## Description of the task
Word for word, retype the lines from the one containing "Das einfach zu" to the one containing "estações de férias." below, keeping both end lines and dropping the pictures.

## Collected data
--------------------------------
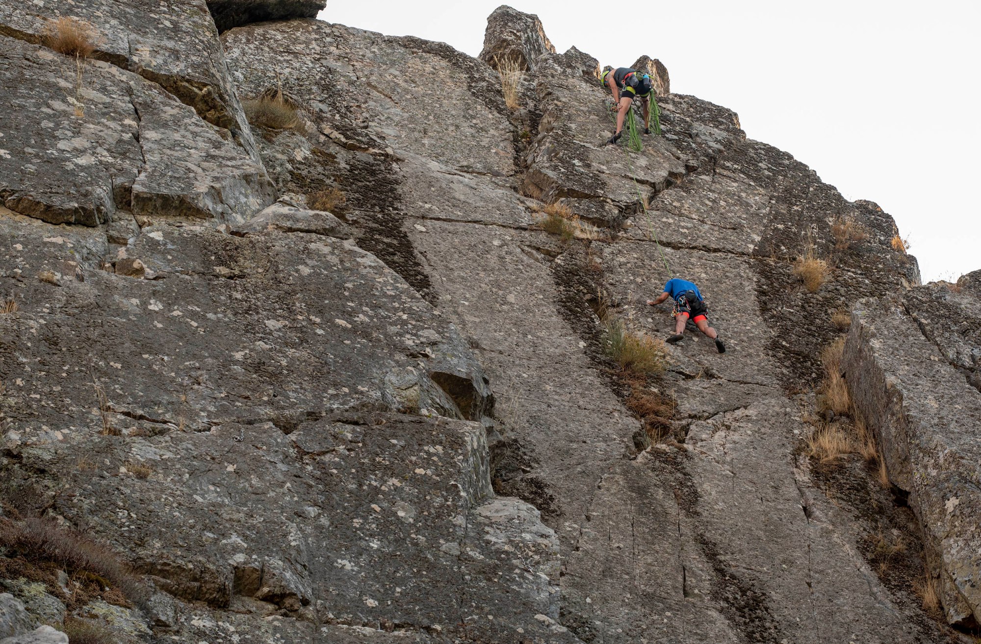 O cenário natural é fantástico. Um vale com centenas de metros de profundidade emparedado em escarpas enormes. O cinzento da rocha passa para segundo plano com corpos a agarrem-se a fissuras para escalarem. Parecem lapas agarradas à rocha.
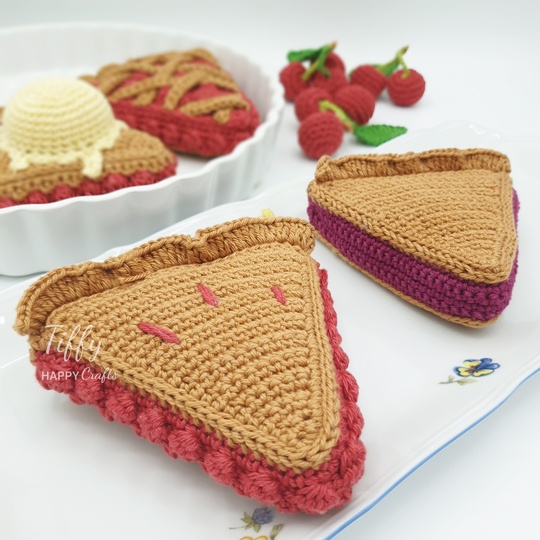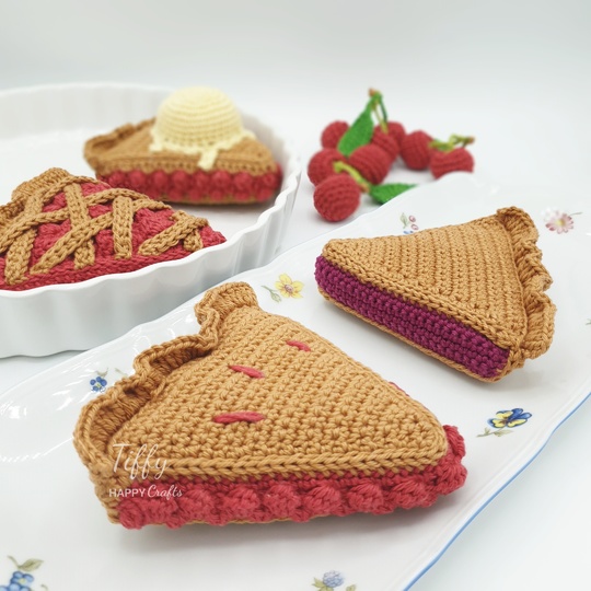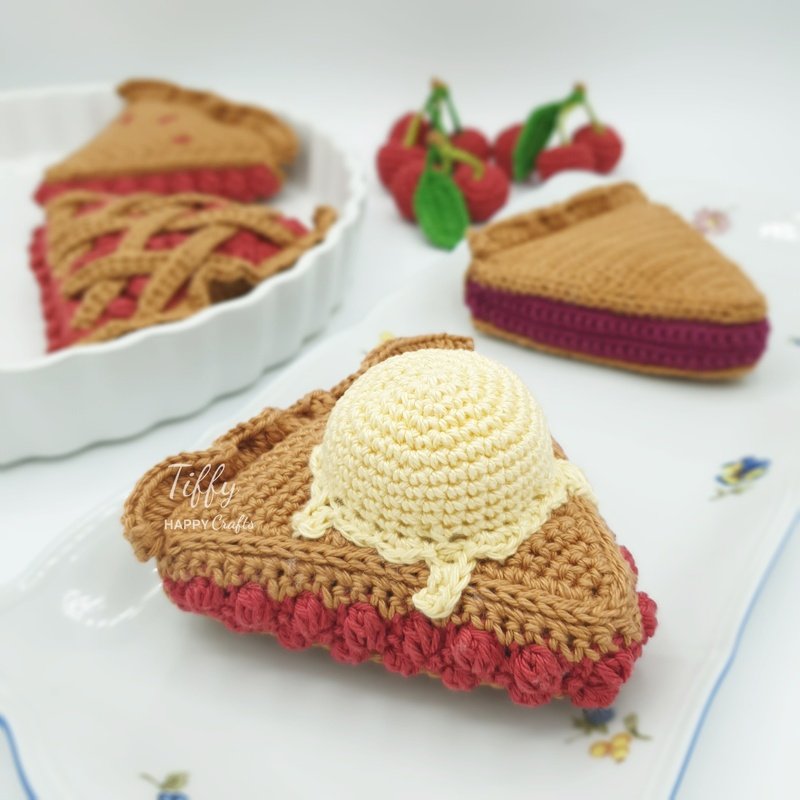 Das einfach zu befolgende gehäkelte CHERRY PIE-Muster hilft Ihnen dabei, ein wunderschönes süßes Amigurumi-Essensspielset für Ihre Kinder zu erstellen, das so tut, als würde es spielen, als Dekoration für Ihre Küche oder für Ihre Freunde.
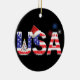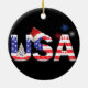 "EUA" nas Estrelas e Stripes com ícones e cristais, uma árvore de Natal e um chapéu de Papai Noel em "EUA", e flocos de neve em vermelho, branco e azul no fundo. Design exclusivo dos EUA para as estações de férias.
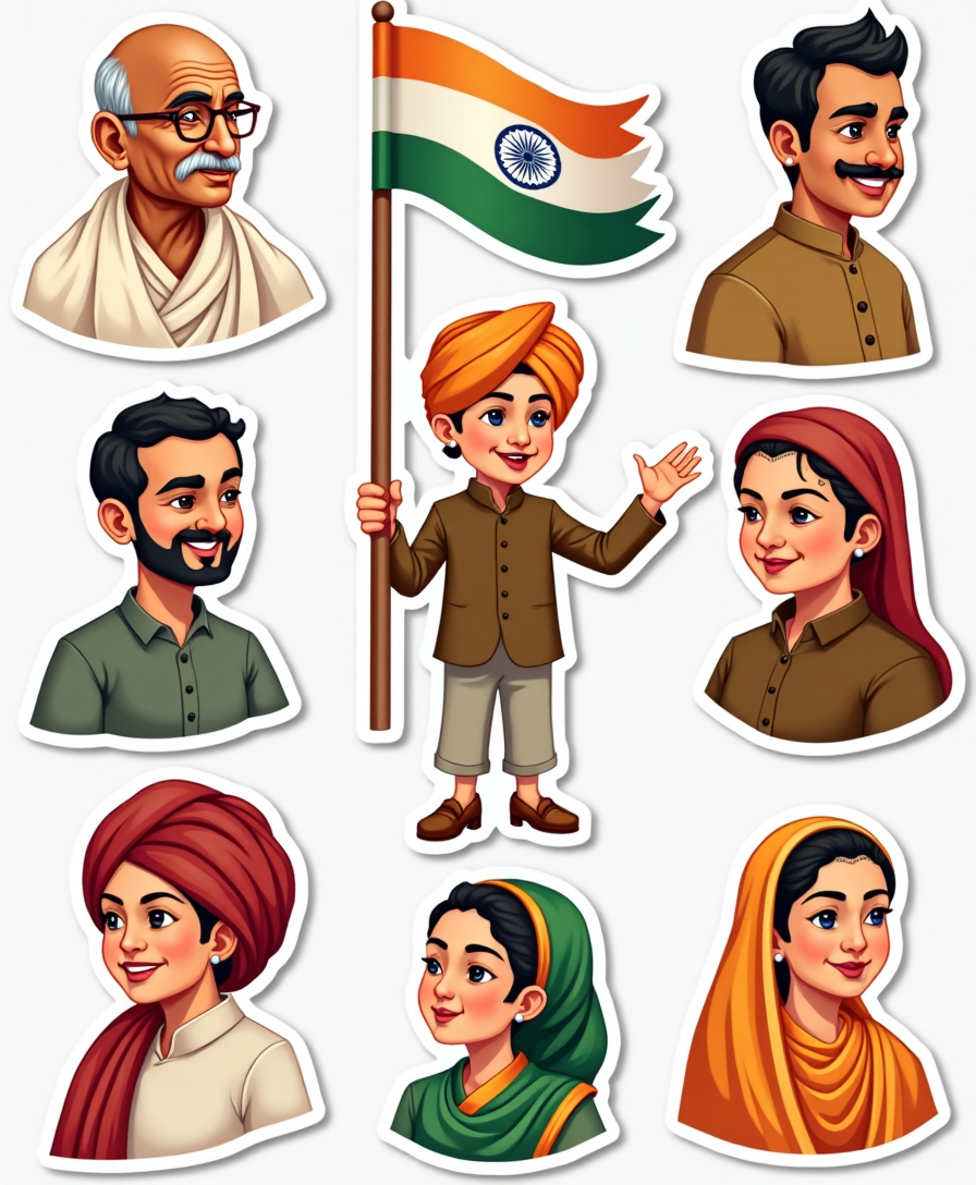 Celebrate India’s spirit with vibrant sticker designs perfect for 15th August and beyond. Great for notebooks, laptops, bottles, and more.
--------------------------------
## Written response
 Das einfach zu befolgende gehäkelte CHERRY PIE-Muster hilft Ihnen dabei, ein wunderschönes süßes Amigurumi-Essensspielset für Ihre Kinder zu erstellen, das so tut, als würde es spielen, als Dekoration für Ihre Küche oder für Ihre Freunde.
 "EUA" nas Estrelas e Stripes com ícones e cristais, uma árvore de Natal e um chapéu de Papai Noel em "EUA", e flocos de neve em vermelho, branco e azul no fundo. Design exclusivo dos EUA para as estações de férias.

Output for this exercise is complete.